Lecander v. Billmeyer, 171 Wis. 2d 593, 601-02, 492 N.W.2d 167 (Ct. App. 1992).

16      Whether the instruction should be given is a question of law we review de novo.  Id. at 602.  However, appellate courts ordinarily defer to the trial court’s discretionary determination whether evidence satisfies the last of the three requirements necessary to support the instruction.  Id. at 602-03.  Here, the evidence offered was not sufficient to “remove the causation question from the realm of conjecture.”   Id. at 602.

17      None of the experts the Wojtasiaks refer to in their briefs testified that a severed flexor tendon does not ordinarily occur in the absence of negligence, and they all gave reasons for how the injury occurred.  Further, Tilkens offered evidence that the tendon was intact, that the injuries did not occur from the surgery and that such injuries can occur in the absence of negligence.  Because the evidence conflicts regarding the causation of Sandra’s injury, this is not a res ipsa loquitur case.  Therefore, the trial court did not err by refusing to give the instruction. 

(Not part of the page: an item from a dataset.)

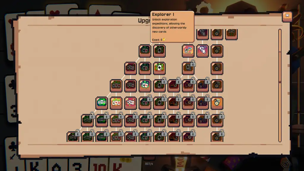 Игровой прогресс допускает заключение соглашения с Шутом для запуска цикла заново. В обмен на игровой ресурс, напоминающий покерные фишки, открывается возможность покупать усиленные улучшения. Карточная система строится вокруг постоянной оптимизации, повторяющихся испытаний и расширения коллекции посредством различных миссий.

            By the Court.—Judgment affirmed.

            This opinion will not be published.  See Wis. Stat. Rule § 809.23(1)(b)5.


 

 



[1]  The longus flexor tendon is located directly underneath the joint where Tilkens performed the procedure.  The Wojtasiaks contend that an MRI revealed that there was a void in Sandra’s right longus flexor tendon, but that was disputed at trial. 

[2]  Wisconsin Stat. § 907.03 provides:

The facts or data in the particular case upon which an expert bases an opinion or inference may be those perceived by or made known to the expert at or before the hearing. If of a type reasonably relied upon by experts in the particular field in forming opinions or inferences upon the subject, the facts or data need not be admissible in evidence.

All references to the Wisconsin Statutes are to the 1999-2000 version unless otherwise noted.

[3]  See Wis. Stat. § 885.44(14). 

[4]  Wisconsin JI-Civil 1024 provides:

     If you find that (name the part of the body that was injured) of (plaintiff) was injured during the course of the operation performed by (Dr. ______) and if you further find (from expert medical testimony in this case) that the injury to the (name the part of the body that was injured) (plaintiff) is of a kind that does not ordinarily occur if a surgeon exercises proper care and skill, you may infer, from the fact of surgery to the (name the part of the body that was injured) of (plaintiff), that (Dr. ______) failed to exercise that degree of care and skill which surgeons usually exercise. This rule will not apply if (Dr. ______) has offered an explanation for the injury to the (name the part of the body that was injured) of (plaintiff) which satisfies you that the injury to (plaintiff) did not occur through any failure on (Dr. ______)'s part to exercise due care and skill.